A bad situation may be getting worse in Zimbabwe as a cholera epidemic continues to spread. As of Tuesday (Jan. 6), the World Health Organization is reporting more than 34,000 diagnosed cases and 1,732 deaths since the epidemic was first reported last August.
These deaths were imminently avoidable, according to Dr. Richard Oberhelman, professor and acting chair of the Tulane Department of Tropical Medicine.
“Cholera is really a preventable death,” Oberhelman says. “Death is due to dehydration, and that can be treated with oral fluids in more than 90 percent of the cases.”
Therein lies the vicious cycle of the disease. The bacteria that causes cholera is waterborne, and when the only water source is tainted, there is little chance to constrain the rate of mortality among those stricken by the disease.
Oberhelman, whose research interests include probiotic strategies for treatment and control of pediatric diarrhea in developing countries, explains that the bacteria produces a toxin that causes the gut to secrete water, leading to extreme dehydration.

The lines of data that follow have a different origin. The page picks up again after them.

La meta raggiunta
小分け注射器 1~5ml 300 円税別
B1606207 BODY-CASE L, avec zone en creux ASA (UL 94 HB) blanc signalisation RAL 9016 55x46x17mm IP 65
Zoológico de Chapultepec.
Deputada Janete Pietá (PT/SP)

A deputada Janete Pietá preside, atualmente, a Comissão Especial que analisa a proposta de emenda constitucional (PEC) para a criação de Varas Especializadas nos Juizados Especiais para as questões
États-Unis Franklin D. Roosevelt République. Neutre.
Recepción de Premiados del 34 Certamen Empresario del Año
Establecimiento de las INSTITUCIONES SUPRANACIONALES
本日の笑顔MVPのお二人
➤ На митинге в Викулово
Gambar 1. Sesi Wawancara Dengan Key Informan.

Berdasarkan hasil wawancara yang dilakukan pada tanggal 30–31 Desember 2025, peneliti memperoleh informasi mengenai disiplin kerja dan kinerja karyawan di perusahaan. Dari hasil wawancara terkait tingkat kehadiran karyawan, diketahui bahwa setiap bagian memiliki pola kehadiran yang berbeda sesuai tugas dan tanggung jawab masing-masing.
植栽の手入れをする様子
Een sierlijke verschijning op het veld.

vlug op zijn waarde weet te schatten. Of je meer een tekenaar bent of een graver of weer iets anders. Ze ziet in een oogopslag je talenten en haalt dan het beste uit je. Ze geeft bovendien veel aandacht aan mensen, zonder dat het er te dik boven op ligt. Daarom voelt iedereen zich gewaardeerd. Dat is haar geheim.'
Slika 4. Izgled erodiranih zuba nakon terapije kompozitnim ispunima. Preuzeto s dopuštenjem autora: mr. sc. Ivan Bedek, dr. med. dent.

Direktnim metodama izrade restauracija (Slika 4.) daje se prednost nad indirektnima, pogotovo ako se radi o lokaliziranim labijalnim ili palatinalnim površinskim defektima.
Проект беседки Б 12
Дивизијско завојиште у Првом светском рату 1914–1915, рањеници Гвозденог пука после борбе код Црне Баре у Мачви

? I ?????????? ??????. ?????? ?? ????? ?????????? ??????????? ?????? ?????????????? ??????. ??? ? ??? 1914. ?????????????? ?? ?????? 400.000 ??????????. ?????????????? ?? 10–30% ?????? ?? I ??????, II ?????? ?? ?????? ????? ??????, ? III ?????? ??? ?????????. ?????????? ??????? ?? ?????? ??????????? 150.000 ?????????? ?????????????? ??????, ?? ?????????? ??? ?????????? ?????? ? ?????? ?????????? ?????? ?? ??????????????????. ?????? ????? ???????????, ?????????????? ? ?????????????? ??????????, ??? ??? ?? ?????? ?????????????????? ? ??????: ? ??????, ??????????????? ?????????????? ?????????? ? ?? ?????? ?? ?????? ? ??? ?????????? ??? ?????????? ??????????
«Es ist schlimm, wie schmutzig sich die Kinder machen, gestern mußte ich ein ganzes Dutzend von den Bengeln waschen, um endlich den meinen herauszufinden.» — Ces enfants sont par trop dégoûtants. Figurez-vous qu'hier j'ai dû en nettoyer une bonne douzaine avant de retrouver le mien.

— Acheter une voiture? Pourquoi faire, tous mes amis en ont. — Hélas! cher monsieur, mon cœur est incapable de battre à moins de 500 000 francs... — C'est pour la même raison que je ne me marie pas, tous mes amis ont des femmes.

“When cholera strikes in areas where there is extreme poverty, although people may know what they need to do to treat their water, they may not have those resources available to them. It depends on the governments and the public health resources to come in and treat the victims,” he says.
The problem in Zimbabwe is being exacerbated by the nation's political climate. A feud between President Robert Mugabe and the opposition party following last March's election has further disrupted an already unstable economy, resulting in the loss of housing and limiting humanitarian response.
“We need to be aware of the humanitarian crisis that is going on there,” says Oberhelman. “This is not an expensive thing to fix. If allowed to, I think we would certainly be able to provide resources relatively cheaply.”
While Oberhelman says the disease is relatively easy to treat, the size of the epidemic creates complications.
“Getting enough purified water, or the resources to treat the water for a population as large as the one affected by this outbreak, is really challenging.”
Nevertheless, Oberhelman believes the international community needs to be aware that this epidemic can be eradicated if the resources can be allocated.
“This is the type of epidemic that can be stopped. Not like HIV or TB, which are chronic infections that are difficult to treat, and have lifelong implications. This is a self-limited infection that can kill people, but if treated adequately people recover fully.”
Oberhelman adds that preventing the conditions in which the bacteria breeds is the best defense against future outbreaks.
“You really need to focus on education, and resources for decontaminating water, whether that's chlorine tablets, filtration systems, or providing alternative sources of water.”